А так наша партия спокойно развивалась в соответствии с моим планом: весной сорокового года я применил наступательный вариант в Средиземноморье и завоевал Тунис и Алжир; на Западном фронте я потратил 25 BRP, что помогло мне захватить Францию; во время SR расположил четыре бронетанковых корпуса, при поддержке пехоты и авиации, на границе с Испанией (!). Укрепил свои позиции и на Восточном фронте.
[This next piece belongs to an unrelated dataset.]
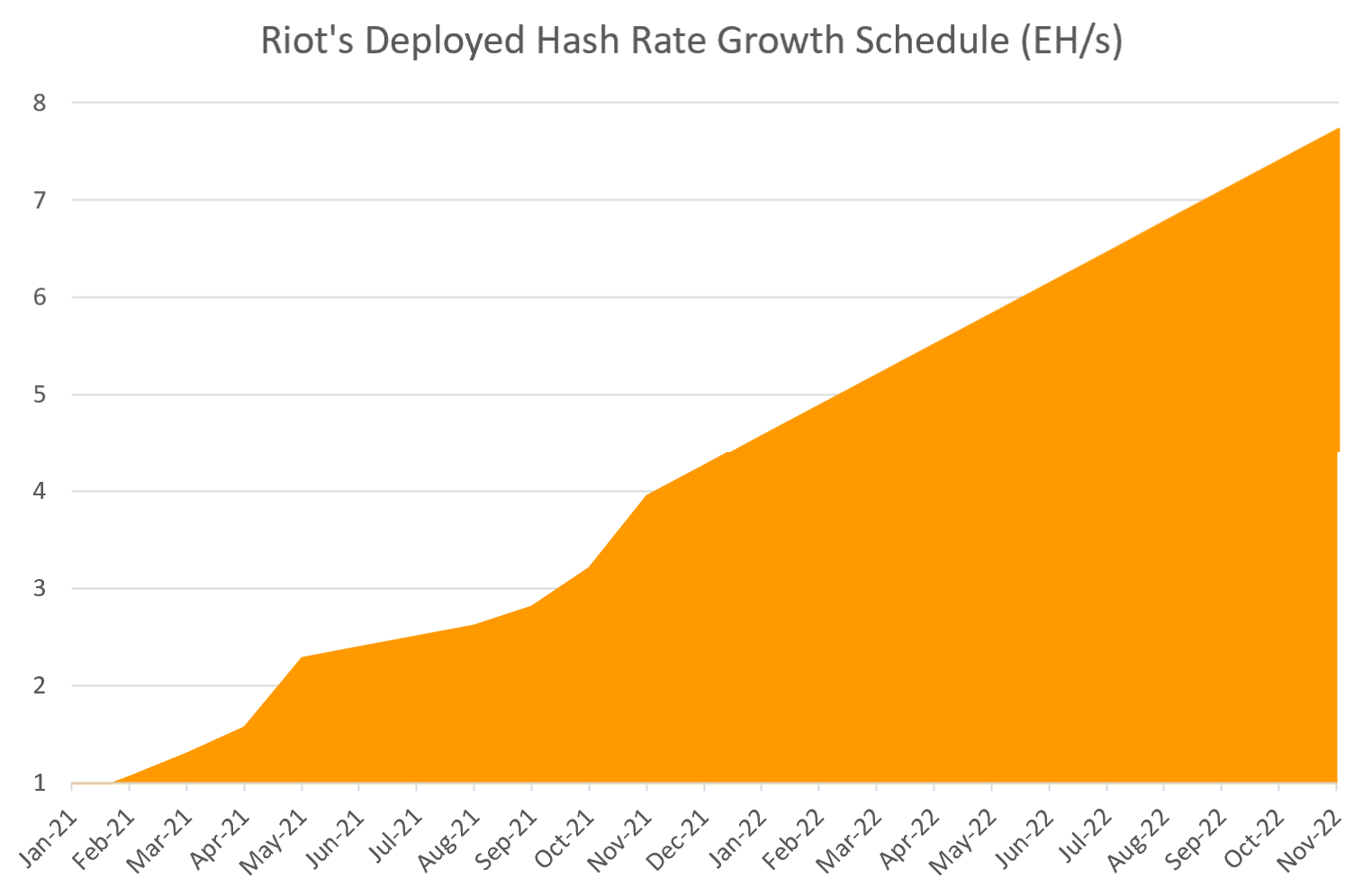 During Q4 2022, Riot anticipates achieving a total hash rate capacity of 7.7 EH/s, assuming full deployment of its anticipated fleet of approximately 81,146 Antminers acquired from Bitmain, 95% of which will be the latest generation S19 series model of miners. When fully deployed, the Company’s total fleet is expected to consume approximately 257.6 MW of energy with an overall hash rate efficiency of 33 joules per terahash (J/TH). This demonstrates Riot’s commitment to being a market leader by building one of the largest and most efficient Bitcoin mining fleets in the industry.

Ответ Горелого был чисто оборонительным. Он передвинул то немногое, что еще было способно передвигаться, усилил кое-где оборону, а главное — сумел поставить передо мной некоторые вопросы. Его действия все еще выдают в нем новичка. Он не умеет накапливать фишки, играет беспорядочно; общая стратегия у него либо отсутствует, либо представляет собой чересчур жесткую схему; он плохо считает BRP, путает фазы формирования частей с SR.

Тем не менее Горелый старается, и я готов утверждать, что он начал проникаться духом игры. Об этом свидетельствуют его глаза, которые он не отрывает от доски, и шевелящиеся от натуги шрамы на лице, когда он силится подсчитать, во что ему обойдется отступление на том или ином участке.

В целом он вызывает у меня симпатию и жалость. Добавлю: острую, щемящую жалость.

Соборная площадь была безлюдна и почти не освещена. Я оставил машину на боковой улочке и, усевшись на каменную скамью, приготовился ждать. Здесь было очень тихо и спокойно; правда, когда появилась фрау Эльза — в буквальном смысле материализовалась из бесформенной тьмы возле единственного на площади дерева, — я вздрогнул от волнения и неожиданности.

Я предложил ей поехать за город и остановиться где-нибудь в лесу или на берегу моря, но она не согласилась.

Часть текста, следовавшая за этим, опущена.